Looks like the median salary is right around the 110,000 dollar mark. The distribution looks to have a bit of a tail on the lower end. Remember that the plot marks below show a logarithmic distribution of salary data, which you often need. Salary data is very rarely normally distributed without a log transformation. Therefore, a summary statistic such as the median will usually be more informative about the distribution than the mean.

Let's see if gender has any effect on salary next.

In [78]:
sexFrame <- ddply(numericDB,~SexCode,summarize,median=median(BudgetedSalary)) # Use ddply from plyr to get the median salary by sex.

sexFrame[1,1]  <- 'Male'
sexFrame[2,1] <- 'Female' # For plotting purposes

sexBarPlot <- ggplot(sexFrame, aes(x=SexCode, y=median, fill=SexCode)) +
  geom_bar(color="black", stat="identity", width = 0.2) +
  xlab('Median Salary') + 
  ylab('Gender') + 
  ggtitle('Median salary by gender') # Create our ggplot figure

print(sexBarPlot) # Show it

Clearly males have a higher median salary than females do, with males showing close to 120,000 and females close to 95,000.

Let's do a more complicated plot that breaks things down by race AND gender to see which matters more.

In [79]:
raceFrame <- ddply(numericDB, .(Race,SexCode),summarize, Median = median(BudgetedSalary)) # Use ddply to get medians on both sex/race.

# Get rid of last four rows.

raceFrame <- raceFrame[1:8,]

# Replace the race/gender codes.

raceFrame$Race <- mapvalues(raceFrame$Race, c(1,2,3,4),
                            c('White', 'Black', 'Hispanic', 'Asian'))
raceFrame$SexCode <- mapvalues(raceFrame$SexCode, c(0,1), c('Male', 'Female')) # Put in the appropriate plot labels

sexRacePlot <- ggplot(raceFrame, aes(x=Race, y=Median, fill=SexCode)) + 
    geom_bar(stat="identity", position=position_dodge(), color="black", width = 0.2) + 
    scale_fill_manual(values = c('skyblue', 'firebrick')) # Crate our barplot

print(sexRacePlot) # Show it

It does seem that women do make less money than men, regardless of race. The largest gap is somewhat surprising in Asians. Asian men have the greatest median salary among races, yet Asian women have the smallest! Hispanic faculty members seem to have the smallest wage gap by sex.

Next, let's examine how tenure ranking affects the salary.

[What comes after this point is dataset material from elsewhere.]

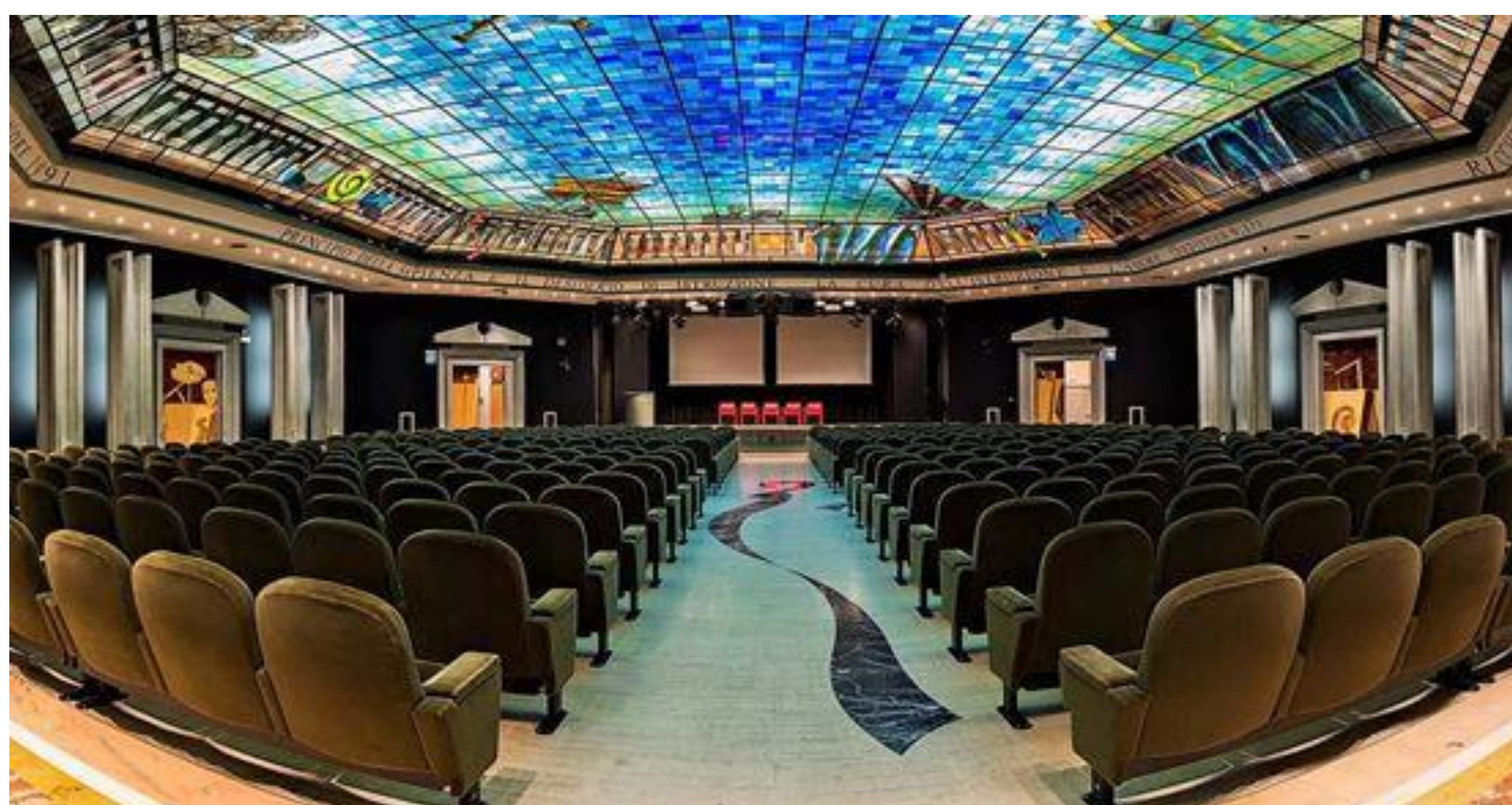
CENTRO CONGRESSI “GIOVANNI XXIII”

There should be an increase in median salary for higher ranks.

In [80]:

rankFrame <- ddply(numericDB,~Rank,summarize,Median=median(BudgetedSalary)) # Use ddply to find medians by Rank

rankFrame$Rank <- mapvalues(rankFrame$Rank, c(1,2,3),
                            c('Assistant', 'Associate', 'Full')) # Create our labels

rankPlot <- ggplot(rankFrame, aes(x=Rank, y=Median, fill=Rank)) +
  geom_bar(color="black", stat="identity", width = 0.2) +
  guides(fill=FALSE) +
  xlab('Median Salary') + 
  ylab('Tenure ranking') + 
  ylim(c(0,150000)) +
  ggtitle('Median salary by tenure rank') # Make our plot


It appears that going from Assistant to Associate professor, according to the median, will increase the salary by only about 10,000 dollars a year. That doesn't seem like very much! Full rank definitely seems to provide quite the salary boost, however. This could be biased somewhat, however, because Full is the highest rank we have, meaning professors that have been around for ten years and thirty years fall into this category, so the median will be increased.

Now let's see how salaries rank according to which of the 12 colleges you are in.

In [81]:

collegeFrame <- ddply(numericDB,~College,summarize,Median=median(BudgetedSalary))

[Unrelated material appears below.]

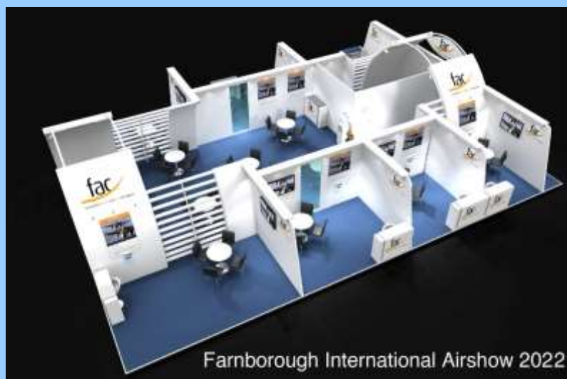
Farnborough International Airshow 2022

collegeFrame$College <- mapvalues(collegeFrame$College, c(1,2,3,4,5,6,7,8,9,10,11,12),
                                  c('Ag', 'Arch', 'Bush', 'Bus', 'Edu',
                                    'Eng', 'Geo', 'Health', 'Law', 'Lib', 'Sci',
                                    'Vet')) # Map all of the college names

collegePlot <- ggplot(collegeFrame, aes(x=reorder(College, -Median), y=Median, fill=College)) + # Use the argument reorder 
  geom_bar(color="black", stat="identity", width = 0.2) +
  guides(fill=FALSE) +
  xlab('Median Salary') + 
  ylab('College/Division') + 
  ggtitle('Median salary by College')


I had to shorten the names so they would all fit, but hopefully you can understand what they are. Being a professor in the Business school definitely makes a good living! It is far ahead of the other colleges. Engineering isn't far behind, which is understandable, especially since Texas A&M is known for having a large Engineering college. Liberal Arts and Architecture are the lowest paying, which makes sense considering the conventional wisdom regarding salaries in those fields.

Last, let's examine salaries for a few departments. To do that, we will need the information from the larger, original dataframe we made that has the department titles.

In [82]:

sortedDept <- ddply(salaryDB,~Dept,summarize,median=median(BudgetedSalary)) # Get the median salaries by department

# Pick a few major departments that aren't admin or academic coordinators. We will use grep to find them. 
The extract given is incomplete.